The indication for FLOW-i Anesthesia System is administering inhalation anesthesia while controlling the entire ventilation of patients with no ability to breathe, as well as in supporting patients with a limited ability to breathe. The system is intended for use on neonatal to adult patient populations. The system is intended for use in hospital environments, except MRI environment, by healthcare professionals trained in inhalation anesthesia administration.

FLOW-i is a high-performance anesthesia system designed to meet the many ventilatory challenges within anesthesia, as well as to provide inhalation anesthesia. It is intended to serve a wide range of patients from neonatal to adult. FLOW-i is a software-controlled circle system for inhalation anesthesia (Sevoflurane, Desflurane, Isoflurane and/or nitrous oxide). The most important features that enhance FLOW-i performance compared with a traditional anesthesia system are: o a ventilator whose functionality is based on ICU-ventilator technology, the volume reflector technology, o the electronically controlled injector vaporizers and o o the ergonomic design.

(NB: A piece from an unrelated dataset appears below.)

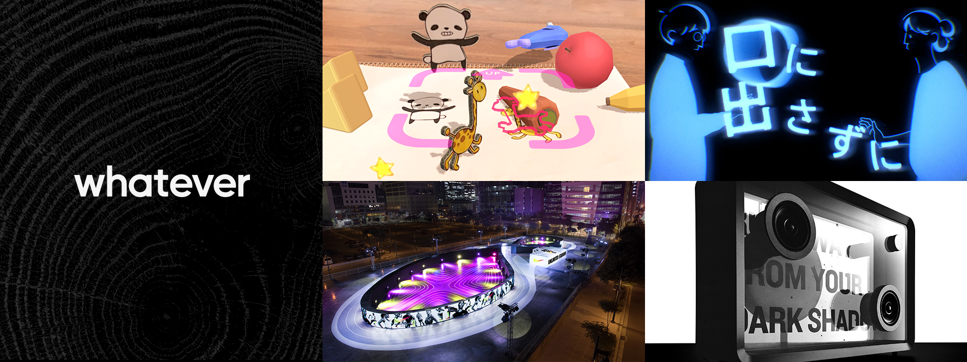 Whateverは、東京、ニューヨーク、台北、ベルリンを拠点として活動しているクリエイティブ・スタジオ。広告、イベント、テレビ番組の企画・制作、サービス・商品開発など、旧来の枠にとらわれないジャンルレスなクリエイティブ課題に対して、世界的に評価されている企画力・クラフト力を持つメンバーと、最新の技術を駆使した開発を実行できるメンバーが共同で携わることで、「世界の誰も見たことがないけれど、世界の誰もが共感できる」ようなアイデアを作り続けています。

The provided text describes a 510(k) premarket notification for the MAQUET FLOW-i Anesthesia System. It outlines the device's description, intended use, and a comparison to predicate devices, but it does not contain information about specific acceptance criteria, study details, or performance metrics in a quantifiable sense typically found in clinical studies or performance validation reports.

Therefore, many of the requested fields cannot be filled from the given text.

Here's an attempt to answer based on the provided text, highlighting what is not available:

1. A table of acceptance criteria and the reported device performance

The document mentions "Performance testing has resulted in data that demonstrates that FLOW-i Anaesthesia System performs within its specifications and within the acceptable limits of the applied performance standards." However, it does not provide specific acceptance criteria values or detailed reported performance data.

2. Sample size used for the test set and the data provenance

The document doesn't explicitly mention "test set" in the context of human studies for performance. The non-clinical testing refers to:

• Sample Size: Not specified.
• Data Provenance: Not applicable as these are non-clinical technical tests, not patient data studies.

3. Number of experts used to establish the ground truth for the test set and the qualifications of those experts

Not applicable. This information would typically be relevant for studies involving human interpretation or clinical evaluations, which are not detailed in this non-clinical testing summary.

4. Adjudication method for the test set

Not applicable. As there's no mention of a human-involved test set requiring ground truth establishment, no adjudication method is described.

5. If a multi-reader multi-case (MRMC) comparative effectiveness study was done, If so, what was the effect size of how much human readers improve with AI vs without AI assistance

Not applicable. The FLOW-i Anesthesia System is described as a medical device for administering anesthesia, not an AI-assisted diagnostic or interpretive tool that would involve human "readers" or an MRMC study in this context.

6. If a standalone (i.e., algorithm only without human-in-the-loop performance) was done

The document describes "Non-clinical Testing and Performance" which includes verification of operating data and accuracy of measurements, software validation, electrical and mechanical safety, etc. These are standalone evaluations of the device's components and system without explicit human intervention during the performance measurement itself, fitting a broad interpretation of "standalone performance." However, it's not an "algorithm only" performance in the sense of AI.

7. The type of ground truth used

For the non-clinical testing mentioned:

• Ground Truth: Engineering specifications, regulatory standards, physical measurements, and expected operational parameters. For instance, for "Verification of Operating Data and Accuracy of Measurements," the ground truth would be the known input values and expected output values based on established physics and engineering principles.

8. The sample size for the training set

Not applicable. This is not an AI/machine learning device that would typically have a "training set" in the conventional sense. The device's functionality is based on established engineering principles and software logic, not on learning from a dataset.

9. How the ground truth for the training set was established

Not applicable, as there is no training set for this type of device.